At this point the PXE/tftp/dhcp environment is all set. You could fire VMware, create a vm and tell it to use PXE boot in BIOS and you should see the kernel booting. It will probably stall trying to mount the root filesystem.

1.4) Create the client environment and export it via nfs

Now we need to create the root filesystem of the diskless client. To achieve this, Ive used the opensuse 10.3 KDE CD, which I had here. I went to "yast repositories", disabled my sources, and Ive added the ISO I have as the only active source.

Next step is to fire "yast2 dirinstall". Edit the target directory, software selection and tick to run yast at first boot, and leave "create image" unselected, and choose next. Now it will install opensuse 10.3 in the directory specified.

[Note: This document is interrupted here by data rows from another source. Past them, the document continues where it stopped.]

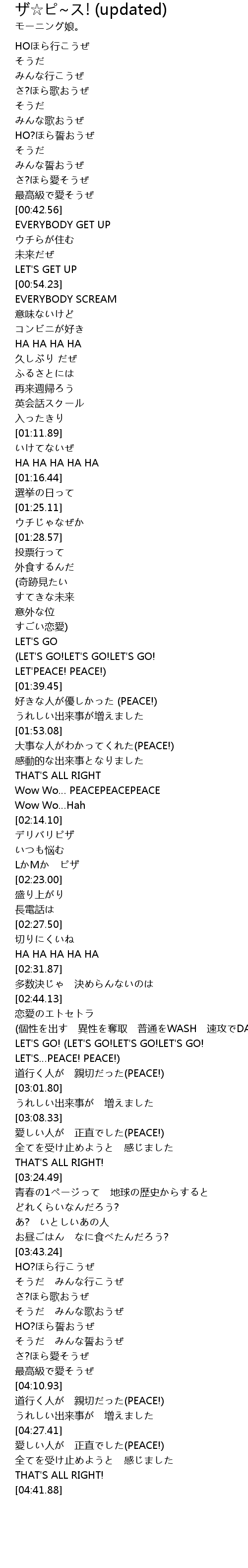 | [04:28.14] | 愛しい人が 正直でした(PEACE!) |
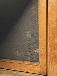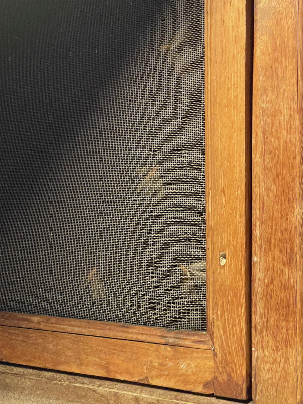 一昨日の朝、4時に目が覚めたので電気スタンドをつけて本を読み始めたら、枕元の網戸にバシバシ音が。 羽虫です。
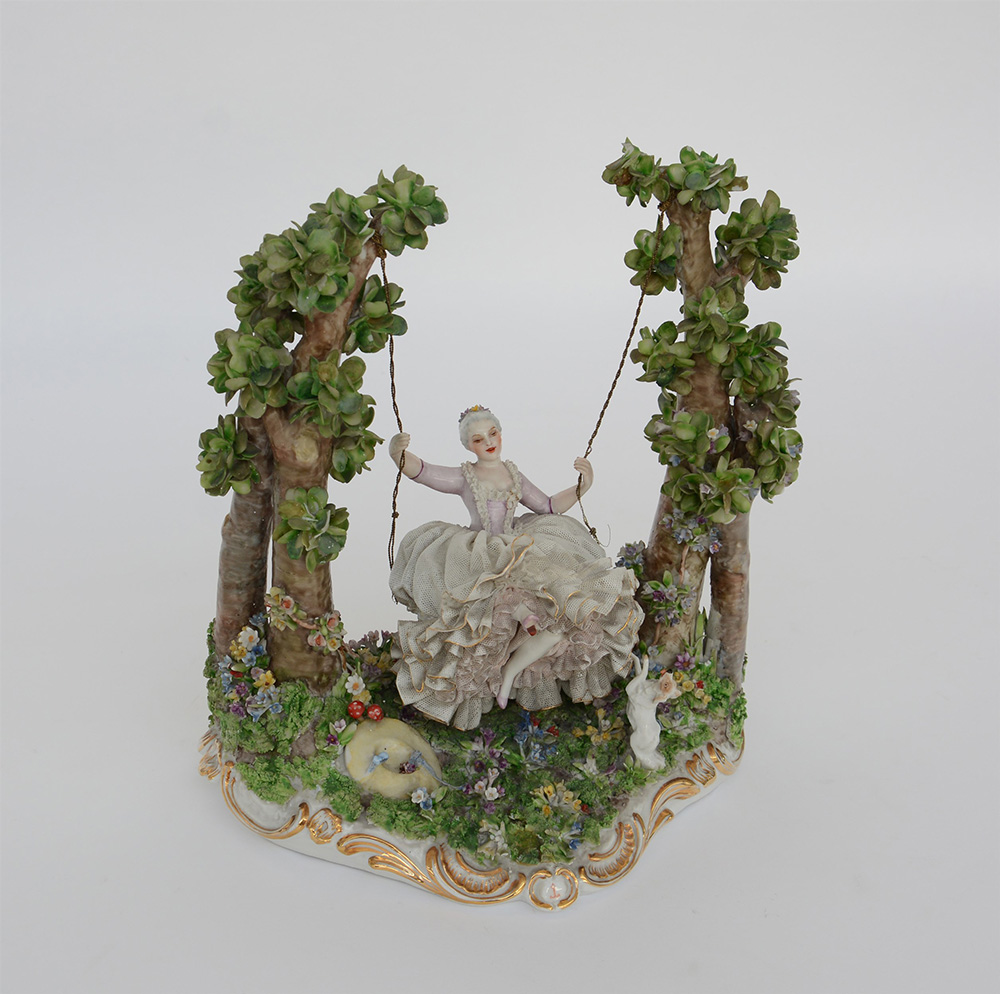 Manifattura italiana, scultura in porcellana raffigurante una dama settecentesca in altalena su un prato fiorito, firmata Fabris sotto la base (cm 25x27x20) (difetti e mancanze)
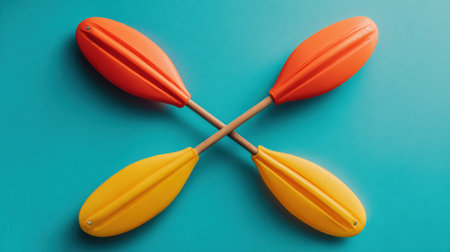 Bright orange and yellow kayak paddles are crossed on a turquoise background, highlighting their playful design and the spirit of summer water activities.
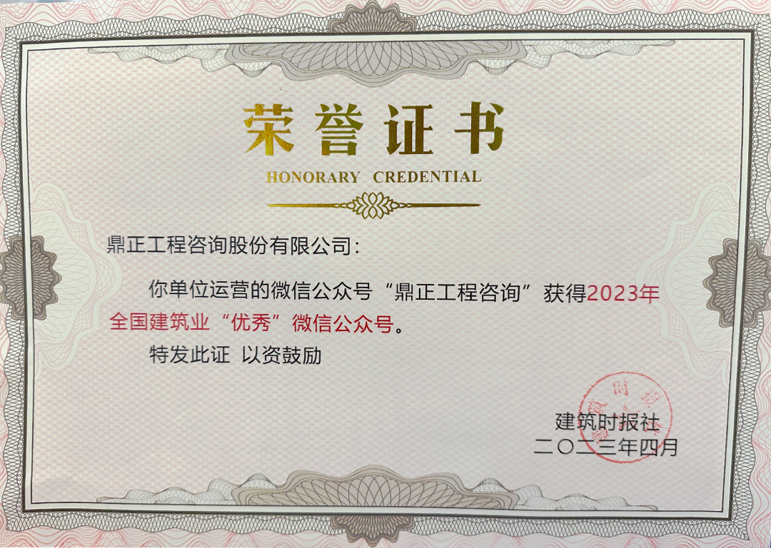 4月20日,由建筑時(shí)報(bào)主辦的2023年建筑業(yè)微信公眾號(hào)運(yùn)維經(jīng)驗(yàn)交流研討會(huì)暨全國建筑業(yè)優(yōu)秀公眾號(hào)頒獎(jiǎng)典禮在廣西南寧舉辦。鼎正官方微信公眾號(hào)“鼎正工程咨詢”再度榮獲“全國建筑業(yè)優(yōu)秀微信公眾號(hào)”榮譽(yù)稱號(hào)。
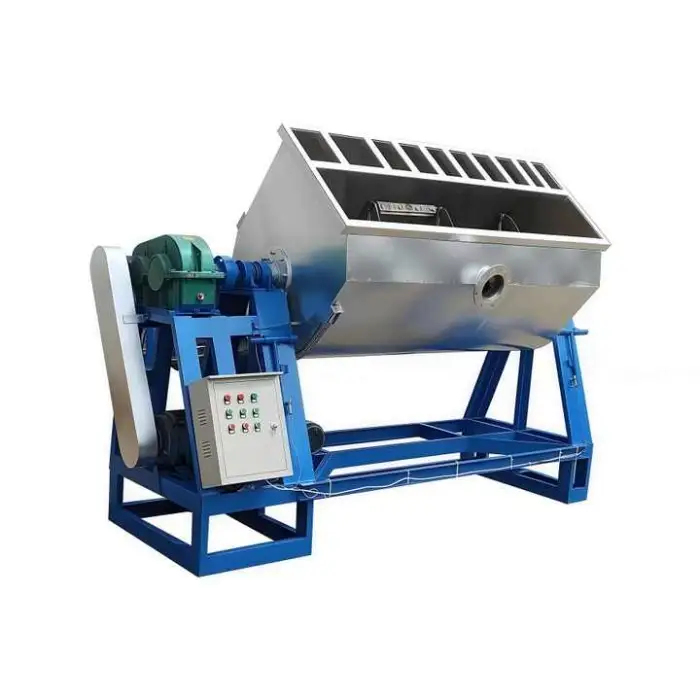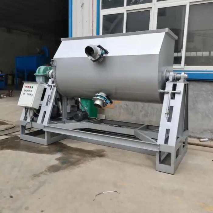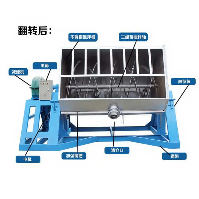 The ribbon blender uses a horizontal ribbon screw to mix powders efficiently, ensuring a homogeneous mixture in a short amount of time.
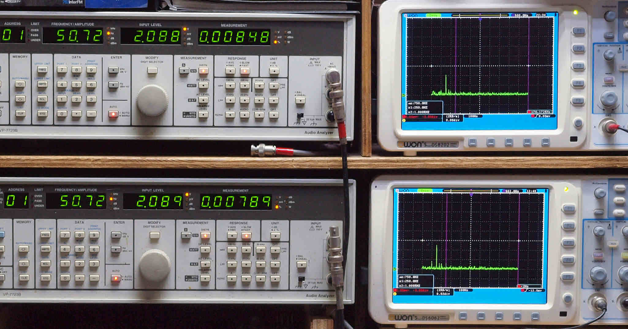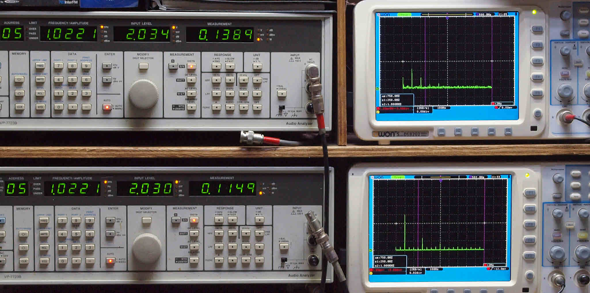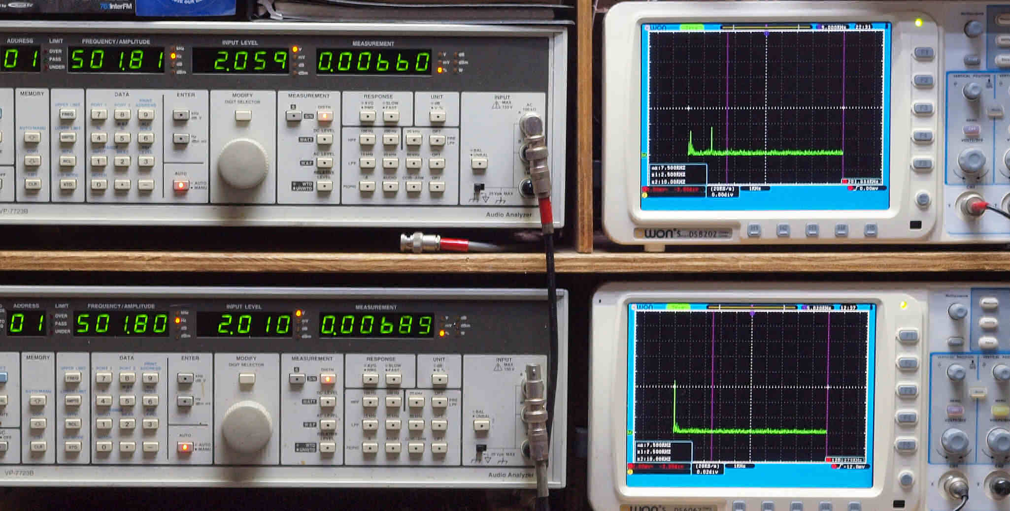 | E. 調整・測定。 画像をクリックすると、大きく(横幅2050ドット)表示されます。 E0. 出力・歪み率測定・調整。AC100V、60HZで測定。 「見方」。 上段中 右側SP出力を「Audio Analyzer Panasonic VP−7723B」により測定。 表示LED、 左端=メモリーNo、 中左=周波数測定、 中右=出力電圧測定、 右端=歪み率測定。 上段右端 VP−7723Bの基本波除去出力を「owon SDS8202(200MHZ)」で「FFT分析」表示。 下段中 左側SP出力を「Audio Analyzer Panasonic VP−7723B」により測定。 表示LED、 左端=メモリーNo、 中左=周波数測定、 中右=出力電圧測定、 右端=歪み率測定。 下段右端 VP−7723Bの基本波除去出力を「owon SDS6062(200MHZ)」で「FFT分析」表示。 下段左端 オーディオ発振器 VP−7201A より50Hz〜100kHzの信号を出し(歪み率=約0.003%)、ATT+分配器を通し、AMPに入力。 よって、ダイアル設定出力レベルより低くなります。測定機器の仕様や整備の様子はこちら、「VP−7723B」「VP−7201A」。 FFT画面の見方はこちら。 左下は定周波数・定電圧交流電源CVFT1-200H. 4台目 |

While it installs, go to "yast2 nfs_server" to set the nsf exports. Tell the yast module to start nfs server and add to the exports the directory in which youa re installing the VM root. The options used were "fsid=0,rw,no_root_squash,sync,no_subtree_check". Click on finish.

You could now test with "yast nfs" if you can mount the share you are exporting.

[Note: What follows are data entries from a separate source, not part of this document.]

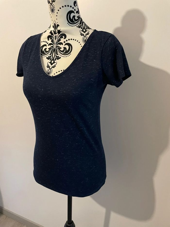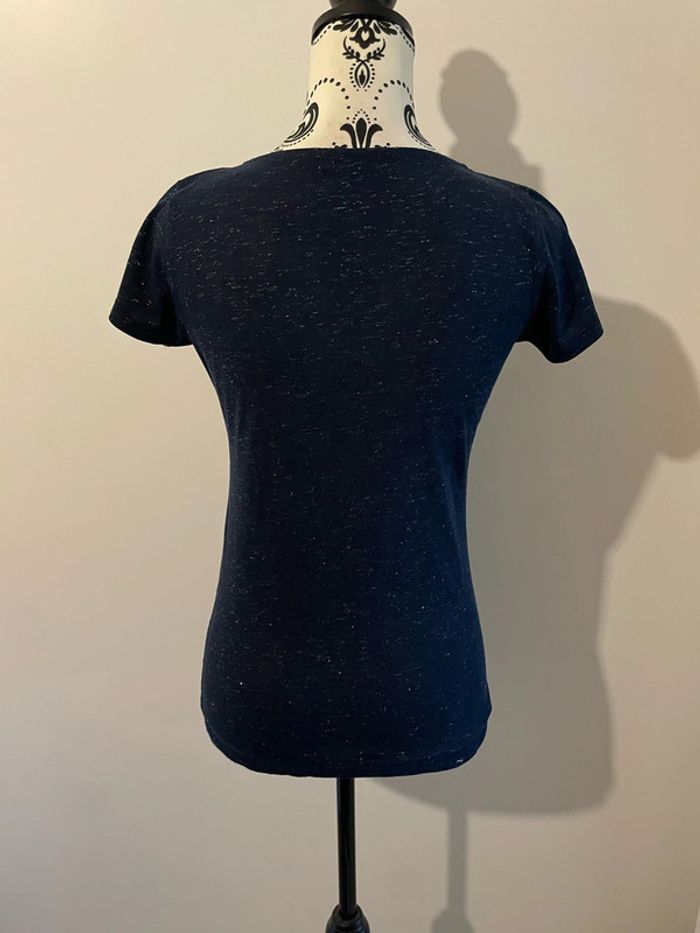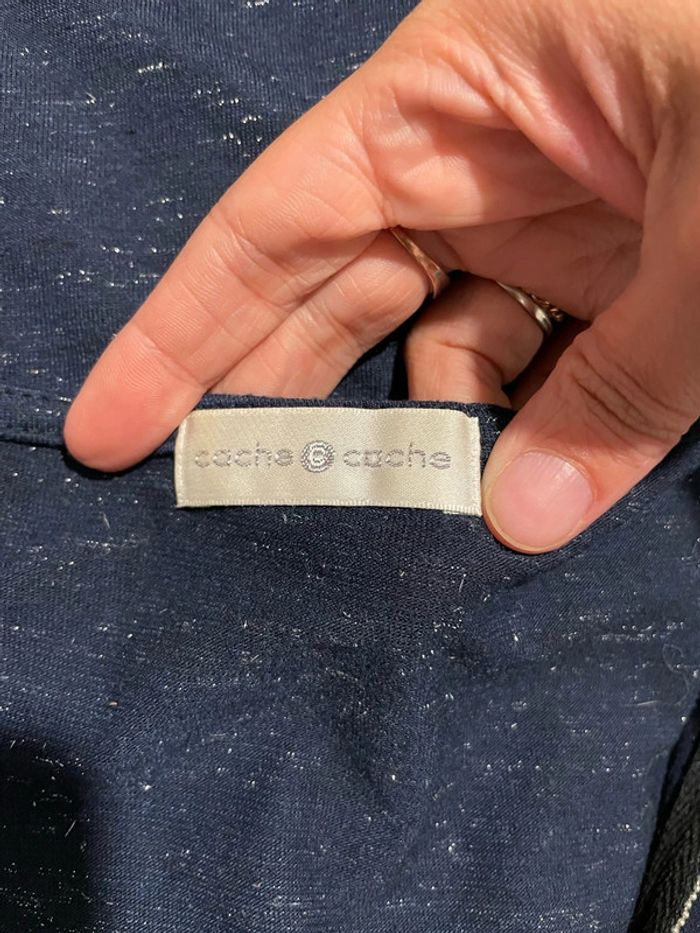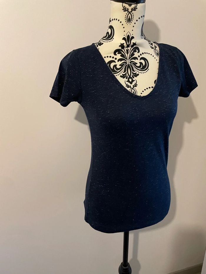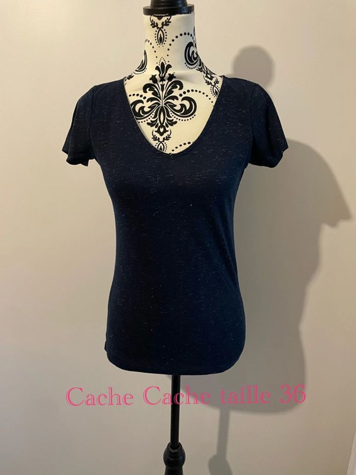Bonjour je vends mon T-shirt à manches courtes extensible bleu marine et argenté col V Cache Cache taille 36 Il est en très bon état très peu porté #tiatia_femme_taille36
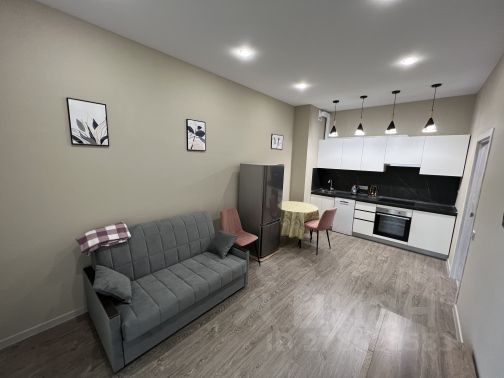 В квартире есть вся необходимая мебель для комфортного проживания. Кухня-гостиная студийной планировки: кухонный гарнитур со встроенной бытовой техникой.
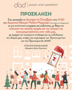 Στο πλαίσιο των εορταστικών εκδηλώσεων "Μια Πόλη - Μια Γιορτή", για τα Χριστούγεννα και την Πρωτοχρονιά, ο Δήμος Αγίου Δημητρίου
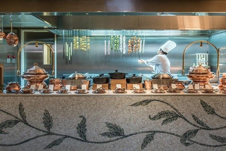 The expansive spaces and exotic mosaic patterns that adorn the walls and pillars are the highlights of Giardino. The tribute to nature continues in the selection of local market ingredients that feature in the live-cooking stations, where guests can interact with our chefs and sample authentic cuisines from around the world.
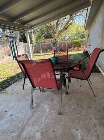 Steal framed mesh chairs with round table. Always on the patio so no sun exposure. Must pick up. ***CASH ONLY***
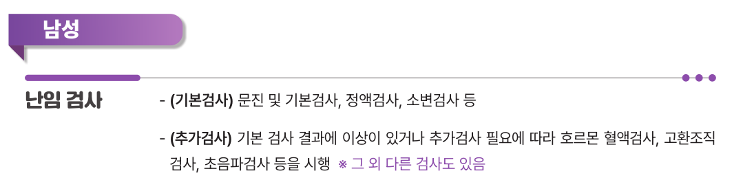 남성은 정액검사, 문진 및 기본검사, 호르몬검사, 초음파검사 등을 받고, 여성은 산부인과 진료, 호르몬검사, 자궁난관조영술, 초음파검사, 자궁내막검사, 자궁경·복강경검사 등을 받게 돼요.

This is the end of the server configuration. Now we need to go to the client.

2) Setting the client, configuration quirks

2.1) Create a VM in VMware

Create a linux VM, add a 100MB disk as file (it doesnt let you create a diskless one, but you can delete later). Edit the settings and remove the hard drive and the cdrom of the machine.

Now close vmware, find your VM definition file (VM.vmx) and edit it, adding the line that defines the e1000 card *after* the line shown:

 (...)
 Ethernet0.present = "TRUE"
 Ethernet0.virtualDev = "e1000"
 (...)


Now you are almost ready to boot the diskless VM via PXE. Dont boot it right now, it needs some fixes

2.2) Fixing some quirks

At the point of item 2.1, I have booted the VM and saw a couple of errors. So lets list here some of them:

  • No /dev/console in the VM causes the nfs to be mounted read-only and lots of stuff fails at the boot. Go to the /dev directory of the yast2 dirinstall installation and create the console device:
 mknod -m 600 ./console c 5 1

After that you can boot the VM and it should run yast for the first time, so you can configure root password, hardware, etc.

After yast finishes, you can login, and edit fstab:

 # cat fstab
 192.168.1.101:/suse/103  /       nfs     sync,hard,intr,rw,nolock,rsize=8192,wsize=8192  0 0
 proc    /proc   proc    defaults 0 0
 sysfs   /sys    sysfs   noauto 0 0
 debugfs /sys/kernel/debug       debugfs noauto 0 0
 usbfs   /proc/bus/usb   usbfs   noauto 0 0
 devpts  /dev/pts        devpts  mode=0620,gid=5 0 0
  • Modules.dep errors during boot

The compiled kernel was compiled based on the latest YOU kernel, while the installation was done with the openSUSE 10.3 KDE CD, so it has the original kernel. If you download the rpm from the update repository and rpm -Uvh it in the VM, the errors will go away (and the modules are usable too).

  • boot.md throws some errors

This script is not needed, as we dont have hard disks, so I did a:

 # cd /etc/init.d/boot.d
 # mv S05boot.md s05boot.md

Now boot.md will not be executed at startup no more.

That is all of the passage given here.